Despite brands’ oft-stated commitment to freedom of association, very little in the public sphere reveals just how they are implementing it. A recent benchmark by KnowTheChain, an initiative of the BHRRC, Humanity United, Verite and Morningstar Sustainalytics, found that less than one-quarter (22 percent) of fashion’s 65 biggest publicly listed firms disclosed engaging with local or global unions to boost freedom of association in their supply chains. Only 12 percent divulged even partial information on the percentage of their supply chains covered by collective bargaining agreements, of which just one—Zara owner Inditex—provided a breakdown by region and two—H&M Group and Lululemon—furnished aggregate data for their Tier 1 suppliers. A mere 5 percent—namely, Asos, Primark and The North Face owner VF Corp.— described how they involved stakeholders such as workers, unions and civil society organizations in their human rights assessments.
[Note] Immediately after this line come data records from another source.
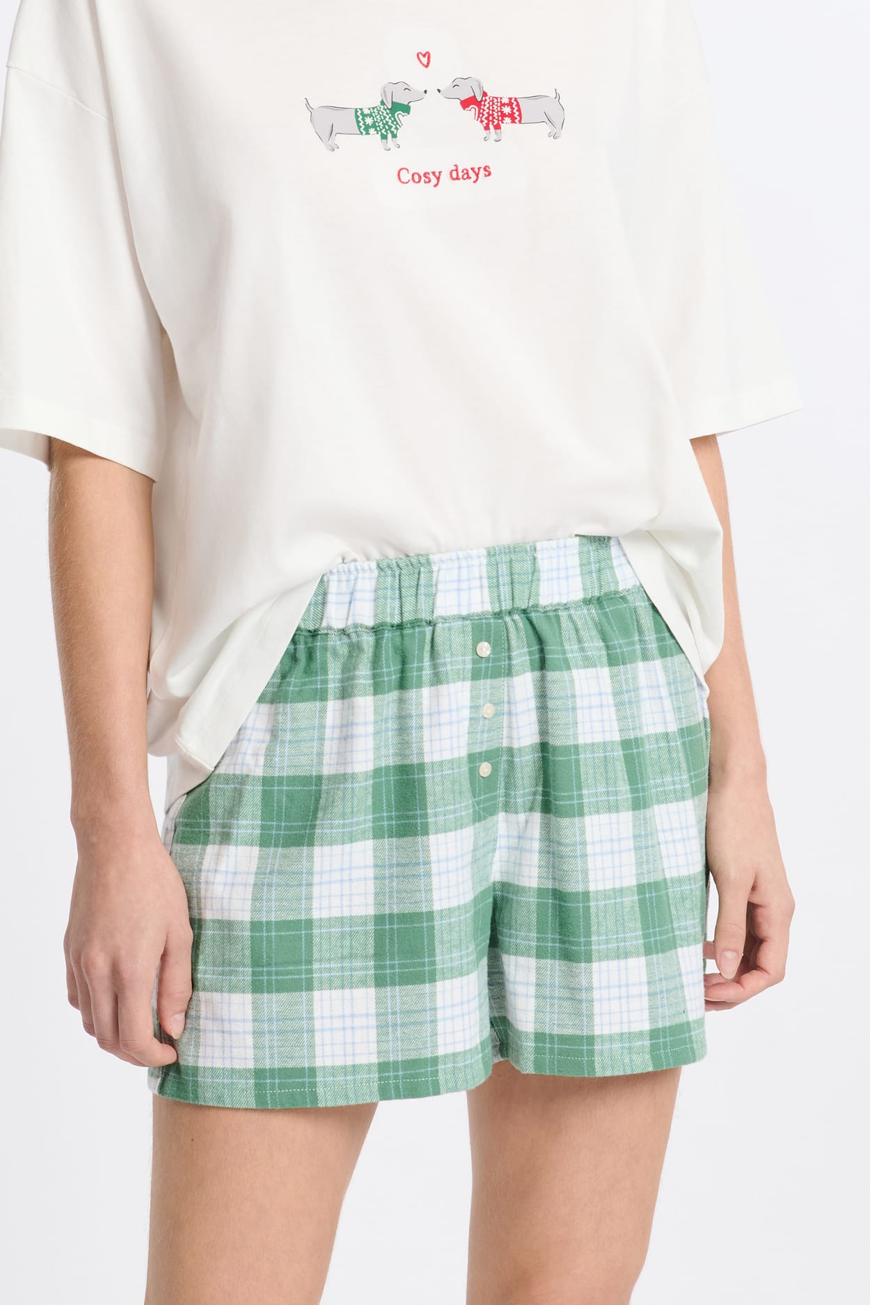 Krótkie spodenki piżamowe w kratę z bawełny;${refinementColor}
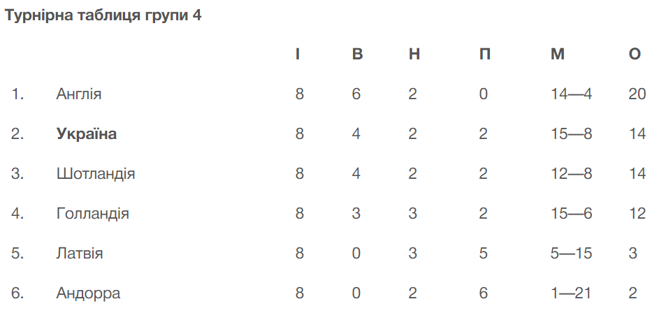 Підопічним Олександра Головка залишилося провести два поєдинки: 12 жовтня — в Києві на «Оболонь-Арені» зі збірною Шотландії та 16 жовтня — з Голландією в Дутінхемі. І якщо для того, щоб фінішувати на другому місці в групі, синьо-жовтим вистачить чотирьох очок (а в теорії за певних обставин — навіть і трьох, і двох), то, аби претендувати на потрапляння до четвірки найкращих других збірних, їм необхідні дві перемоги. 14 золотих очок дозволять нам стежити за перебігом подій в інших групах і сподіватися на свій шанс.
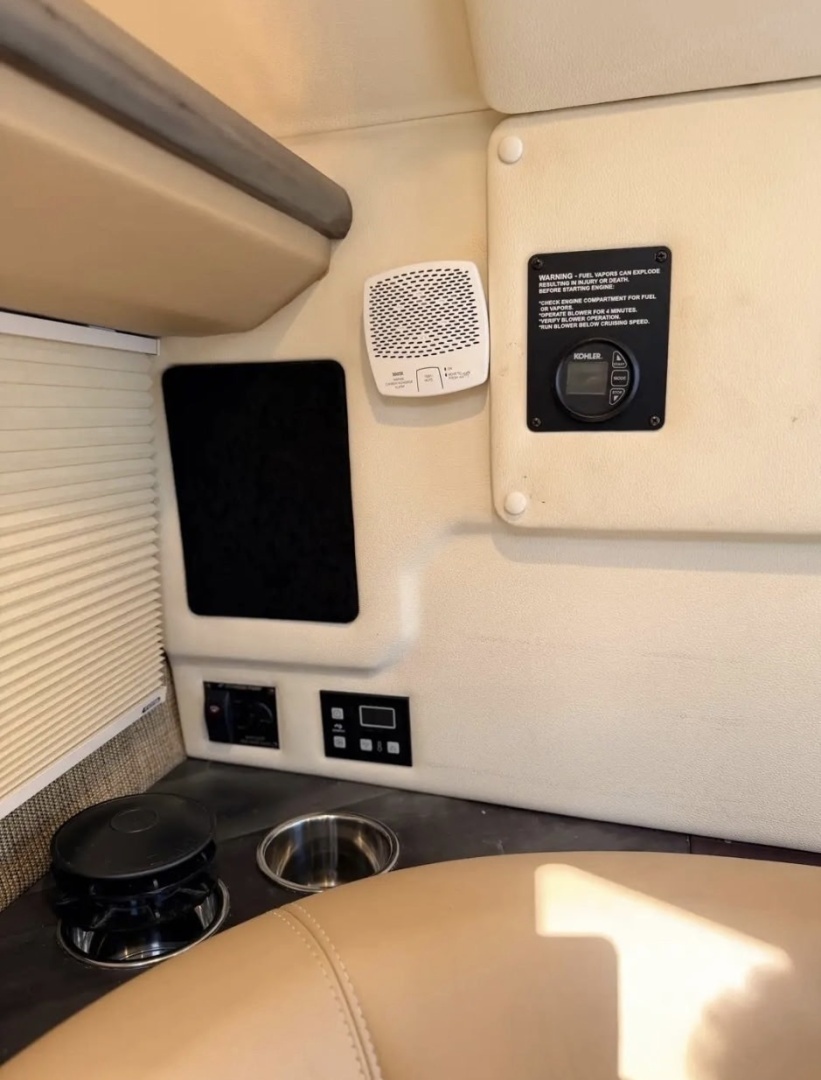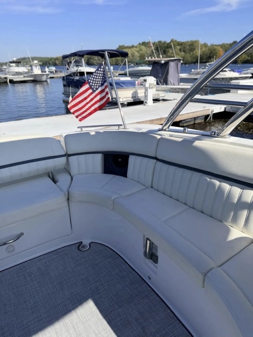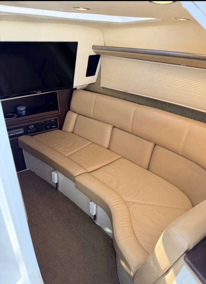 From the moment you step aboard, you’ll notice the premium fit and finish—hand-stitched upholstery, rich textures, and a thoughtful layout designed for both entertaining and relaxing. The expansive cockpit offers generous seating with convertible sun loungers, a well-appointed helm with intuitive controls, and a premium sound system that sets the tone for every outing.
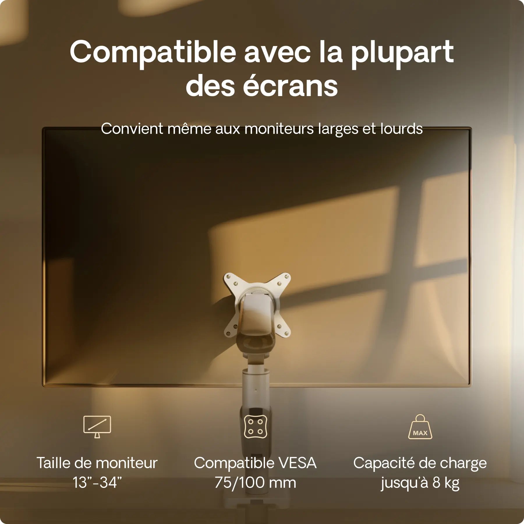 Ces supports de moniteur sont compatibles avec une large gamme de moniteurs, permettant un montage sans effort et sans restriction de taille ou de marque. Ils figurent parmi les supports les plus solides, les plus légers et les plus polyvalents du marché.
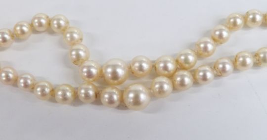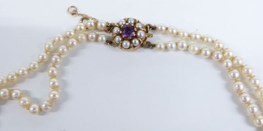 A double strand of cultured pearls with a 9ct gold clasp set with an amethyst
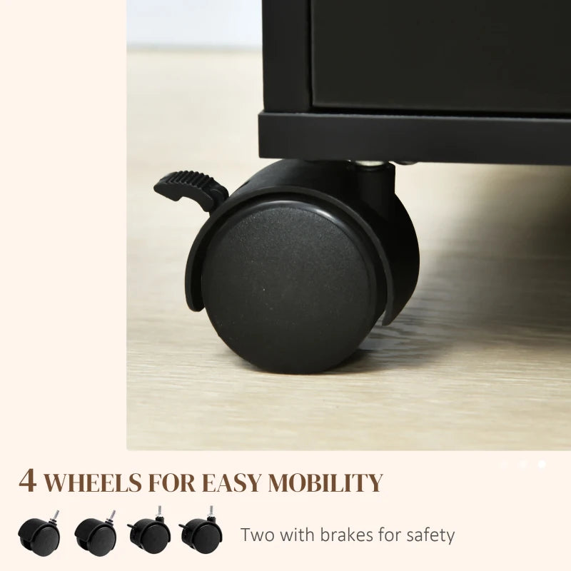 - Four wheels: As a mobile office cabinet, it can be easily relocated, even when loaded. Two brakes ensure it remains stationary when needed.
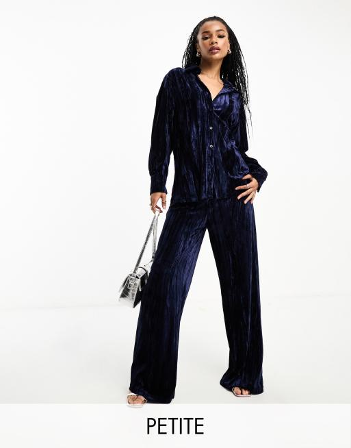 Extro & Vert Petite – Weit geschnittene Samthose in Mitternachtsblau, Kombiteil
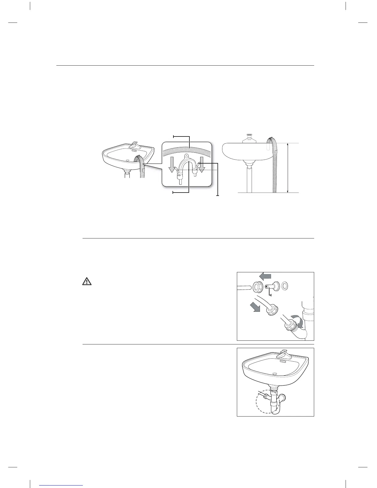 1. Over the edge of a wash basin: The drain hose must be placed lower than 90cm. If the end
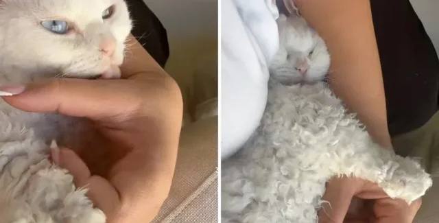 На кадрах, якими власниця поділилася із користувачами соцмереж, Фета притискається до її руки. При цьому кішка демонструє свою кучеряву білу шерсть, яка зацікавила людей.
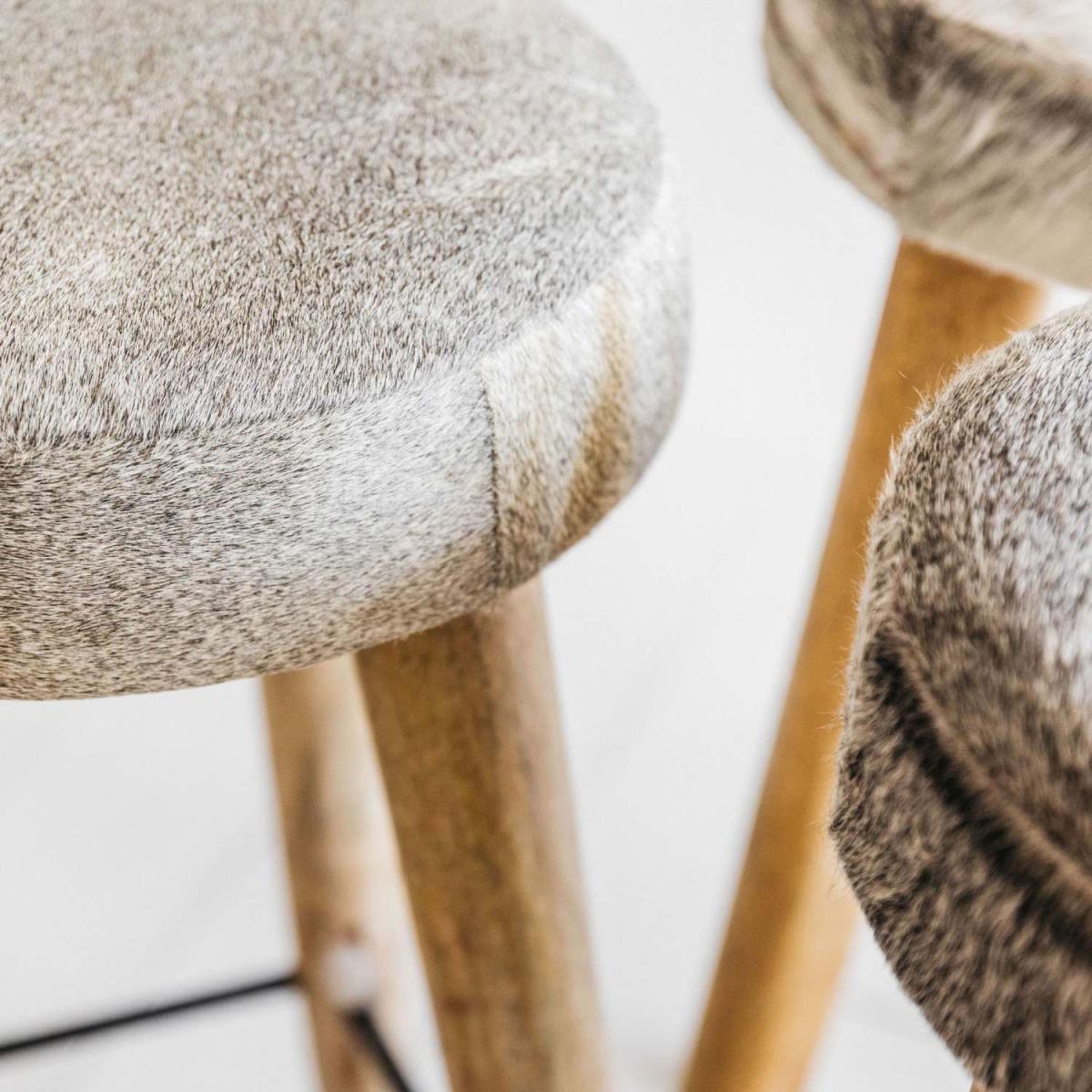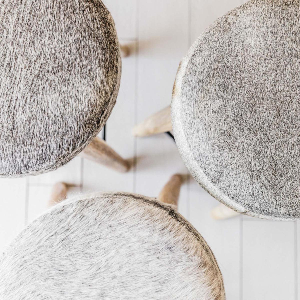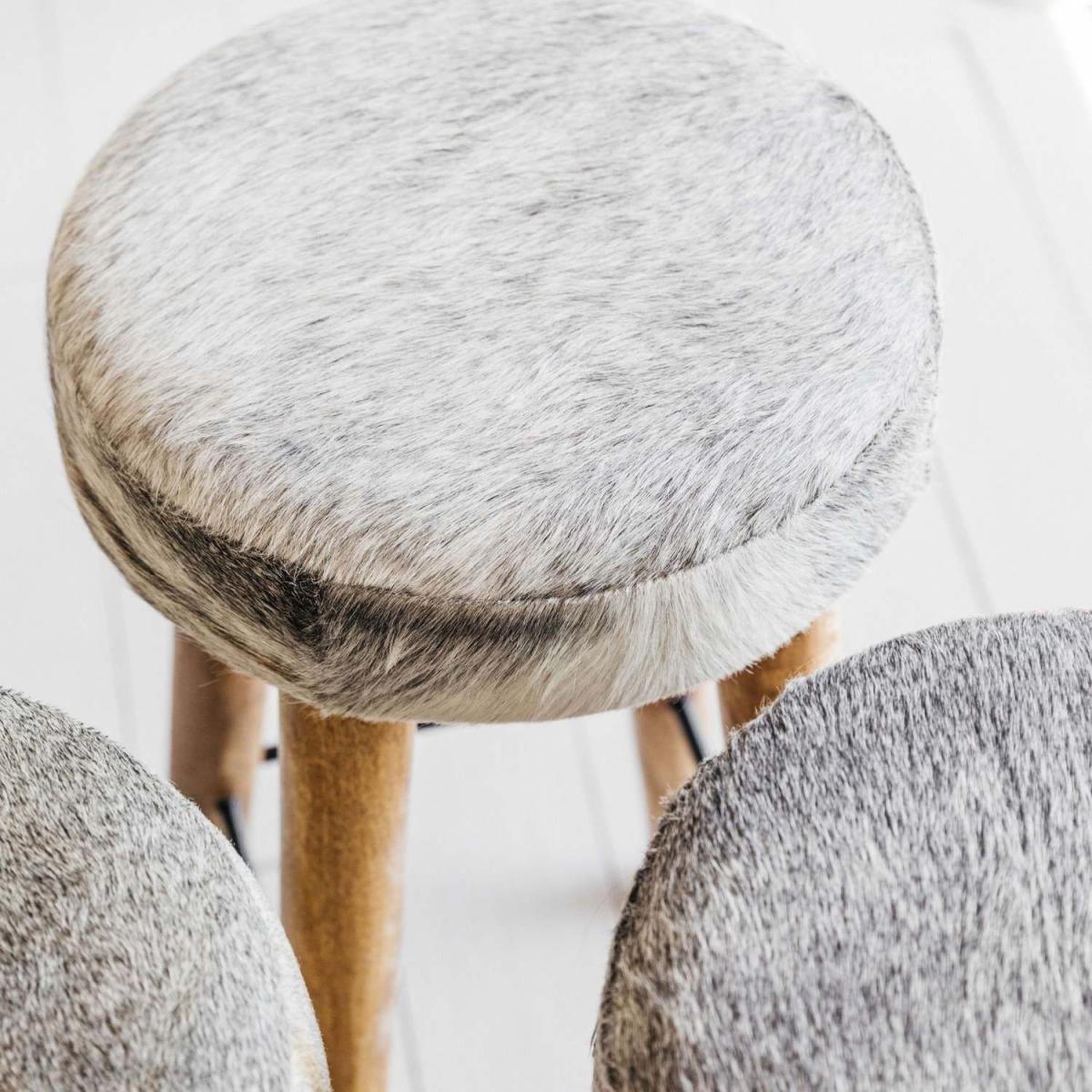 I love this stool for its blend of rustic charm and understated sophistication. The tall, round shape with the grey cowhide seat adds texture and visual interest, making it versatile for various interiors. It's especially effective in casual kitchens, breakfast bars, or even a country-style pub setting. Practical styling tips include pairing it with wooden or metal accents to enhance its natural look, or using it as a statement piece in a neutral colour scheme. It's sturdy yet lightweight, making it easy to reposition, and the cowhide provides a durable surface that’s both stylish and practical for everyday use.
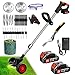 🌿【2023 Newest Electric Weed Wacker Set】 The cordless weed eater battery powered is multiple functions in one: grass trimmer/lawn edger/lawn mower/brush cutter. not limited by wires, you can mow anywhere. includes 2pcs 2000mAh high-capacity rechargeable battery operated and high performance motor, 20000 RPM engine speed. equipped with detachable wheels, hand weeder tool and reusable garden waste bag, make cutting work more efficient, you can enjoy weeding with your family!
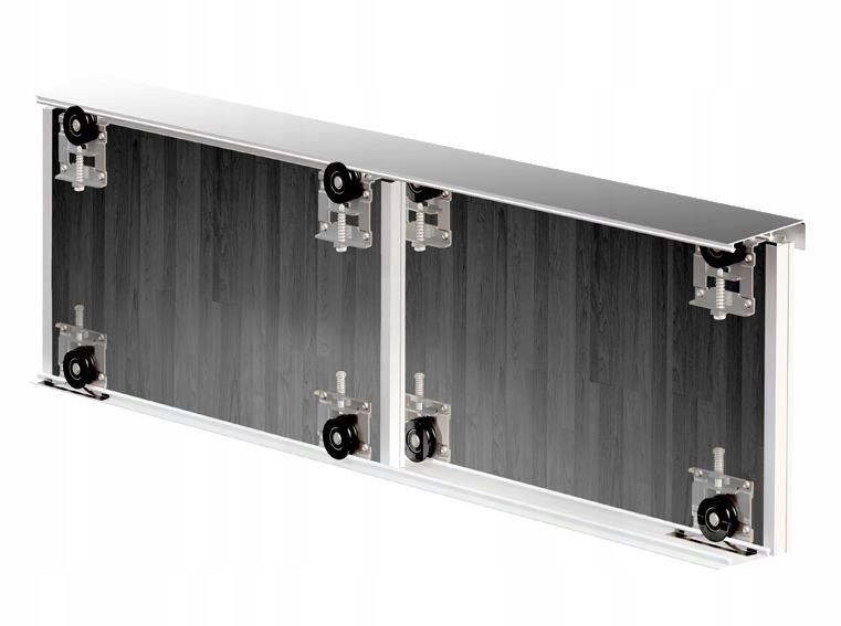 Комплексная система для шкафа-купе максимальной шириной 180 см (для более узких направляющие необходимо соответственно укоротить). Комплект для двухстворчатого шкафа. Подходит для мебельного щита толщиной 18 мм. Алюминиевые профили, в цвете согласно аукциона.

But brands that want to “truly implement” their policy commitments need to make it a condition of trade that independent unions are allowed to freely organize and that structures like worker committees are used only within their legal remit, Jelly said. Brands should also be proactively engaging with independent unions as they undertake the meaningful stakeholder engagement required under legislation such as the European Union’s corporate sustainability due diligence directive—something that will increasingly come into play over the next few years. And if they’re defaulting to national law as a justification for a “softer approach” to freedom of association, they need to ask themselves why they’re sourcing from countries that lack protections for collective bargaining. Is it because it’s cheaper?

“Something that came through strongly in the research is the draining impact that this complicated landscape of mostly fake representatives has on the independent unions,” Jelly said. “They have to spend valuable time fighting for legitimacy, fighting union busting, and therefore have less time. focused on actually representing workers’ needs at the factory level. And—really important—no time to engage with brands and suppliers on a macro level to bring about the kind of transformations in the industry that are desperately needed.”

For Jelly, there can be no “just” transformation of the industry without building up worker representation and union power. While trade union structures are not perfect, they remain the “best route that workers have to kind of build their collective power and to ensure decent working conditions,” she added.

There’s a business case for multinational firms to champion freedom of association in their supply chain, Swan argued, and not least because she thinks that companies need a social as well as economic license to operate.

“If you have workers that are able to speak freely and collectively, they can tell their boss when a factory, a machine or a building does not look safe and know that they’re not going to be persecuted or lose their job,” she said. “They can say, ‘Look, we’re unable to do this work in these conditions, and we need to build a sustainable workforce,’ so when orders come in, a company can adapt and fulfill that order. Workers are more likely to be productive when they’re paid well, they’re healthy and they can afford to eat, and where they are safe and respected.”

This is the unquantifiable aspect of freedom of association, which is the “bricks and mortar of worker well-being,” Swan said.

“That’s what builds a thriving workplace, a happy workplace,” she said. “It allows employers to plan for the future because they don’t have workers that are sick, are struggling to be productive. And they’re not leaving all the time, and that’s great for business. And I think we need to shift to an expectation that a thriving workforce is key to your business case, to your interest as a business, and I don’t think we’re quite there yet.”